IterativenessâAware Optimization for Big Data Analytics
Students: Henggang Cui, Lianghong Xu
Source Code: Unavailable
Parallel big data analytical tasks often involve cross-machine communication, since computation instances running on different machines might concurrently read and update some shared global states. This project proposes a mechanism to reduce this cross-machine communication overhead by exploiting the iterative nature of big data analytical algorithms. We find many of these algorithms are iterative convergent, and they iteratively access the same set of shared states in the whole execution, and the access patterns are only dependent on the input dataset. We use a mechanism called virtual iteration to collect these access patterns, and we co-locate each shard of the shared states with the appropriate client based on the known access patterns. In order to support explicitly parameter data partitioning, we add a cluster of distributed metadata servers to an existing parameter server implementation.

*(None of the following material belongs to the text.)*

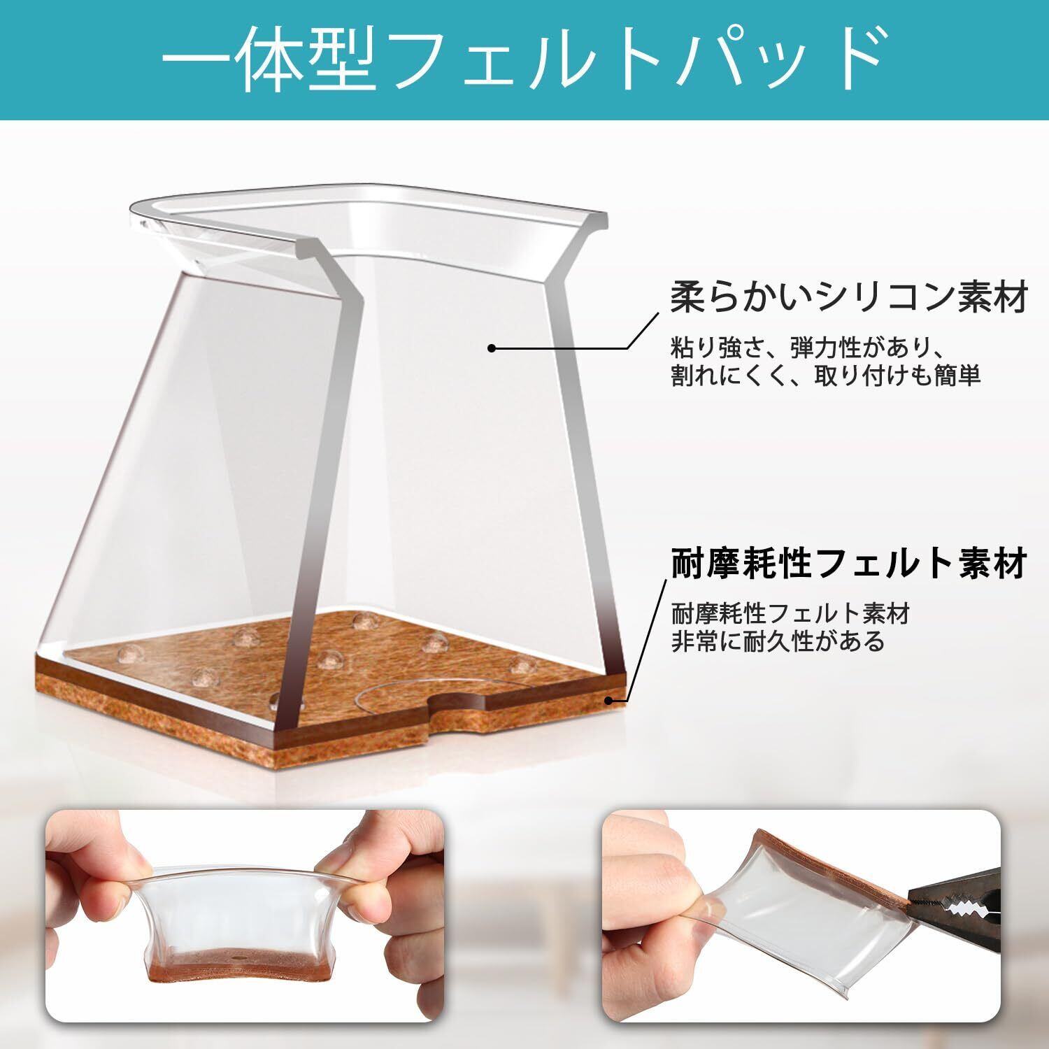 椅子脚カバー 長方形 椅子足カバー きず防止 シリコン 防音 長方形の椅子脚 滑り止め フェルトパッド クリア 8個入-M

We implement and evaluate different data placement policies, and experiment results show that the partitioning
policy that uses the collected access information can significantly reduce the fraction of remote accesses while placing balanced loads on tablet servers.
Graph Mining on Big Data Systems
Students: Rui Zhang, Hefu Chai, Jian Fang
Source Code: https://github.com/richardzhangrui/GraphMining
Although data mining and machine learning has delivered the notion of graph mining for a long time, the increasing complex data with explosion size has imposed a new challenge on computation of data mining. Existing computing platforms and computational models like MapReduce spare no efforts on exploiting parallelism; however, graph mining algorithms are characterized as iteration-intensive computation, where data are supposed to be highly interactive. So, models like Pregel are designed to meet the requirements of such graph mining algorithms. Also, we find that many parallel database systems are powerful enough to solve these problems. In this paper, we compare several parallel database systems and computation platforms; furthermore, we evaluate the performance of these systems on typical graph mining algorithms with both distributed and local mode. Our results reveal that: Hadoop is fastest in loading data, taking advantage of simple data layout optimization in Hadoop Distributed File System (HDFS).
Vertica performs much better than other systems in computation by using hybrid store model and fully exploits memory use. SciDB takes the notion of array-based logic and physical store, which enables it to be efficient in matrix operations. PostgreSQL is stable in its performance. Apache Hama takes the notion of thinking like a vertex, thus it is expressive in Graph Mining algorithms than other platforms and easy to get start.
Quilting for Distributed Machine Learning System
Students: Mu Li, Jinliang Wei
Source Code: https://github.com/jinliangwei/quiltdb
Distributed machine learning applications produces a huge amount of network traffic. However, network bandwidth is one of the most scarce resources of datacenters. In this paper we proposal QuiltDB, a distributed database execution engine optimized for network topology. QuiltDB trades off latency for high bandwidth. It executes as a discrete streaming system but with the difference that users can specify desirable network topologies. We evaluate this system on several machine learning applications with real datasets.